“Yes to what?” She had thrown him off balance. It was hard enough to say as it was.
“Yes, if you need an advance. An accident like this must cost a fortune. I'll do anything to help. The gallery will, and so will I.” Tears came to his eyes.
“I love you. You don't have to do that.”
“I want to.” It was as simple as that.
“We're okay. Our insurance is terrific. Thank God Beth has always been a maniac about insurance. God knows, I wasn't. I always thought it was stupid to pay the premiums we did. Thank God we did. We need it now. I think Beth's parents will do the rest. They've saved a lot of money over the years. And Beth's fiancé wants to help. I don't think he should. He feels responsible for what happened. We'll sort all that out later. We haven't even seen a bill yet. But thank you for the offer.”
“Okay, then what's the question?” Sasha asked, smiling at him, and he took a deep breath.
“There is no question, Sasha. I wanted to tell you something, not ask you for anything. That's why I came down here. To tell you.” There were tears brimming in his eyes.
“Tell me what?”
He closed his eyes for a minute, and then opened them and exhaled the words. He felt like an ax murderer saying them to her. But he had no other choice. “I'm going back to Beth.” Sasha stared at him for a long minute as though she didn't understand.

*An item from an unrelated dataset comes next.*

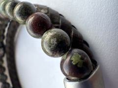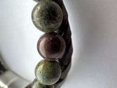 Приобрел браслет на одном из рынков Бангкока в качестве сувенира. В интернете нашел информацию, что торговое название камня "Кровь дракона", одни продавцы пишут, что это эпидот с гематитом, другие, что эпидот с пьемонтитом, третьи, что это вообще яшма.

“I'm going back to Beth.” He repeated the words, and she looked as though she'd been shot, as she suddenly sat up in bed.
“As in, to Vermont tomorrow, right?” She couldn't breathe and was clutching at straws. He shook his head.
“As in, to our marriage. She can't do this alone. It's going to be months or years getting Charlotte back on her feet, literally, and she may never totally get there. We just don't know yet.” He was sitting up now too. “I've never been there for Beth before. I have to do this now. She wants me back, God knows why. I think she's crazy. I was a lousy husband to her for twenty years. I was too busy playing wacky artist and painting to be of any real help to her. But now I have to do this. I can't leave her alone with this, Sash. I just can't. She broke her engagement as soon as this happened. She said she could never forgive him. She asked me to come back.” He sat there looking at Sasha with tears streaming down his cheeks. He loved her. But he also loved his wife. And she needed him, more than she ever had. The very decency that made him who he was, and made Sasha love him, was what was making him leave her now.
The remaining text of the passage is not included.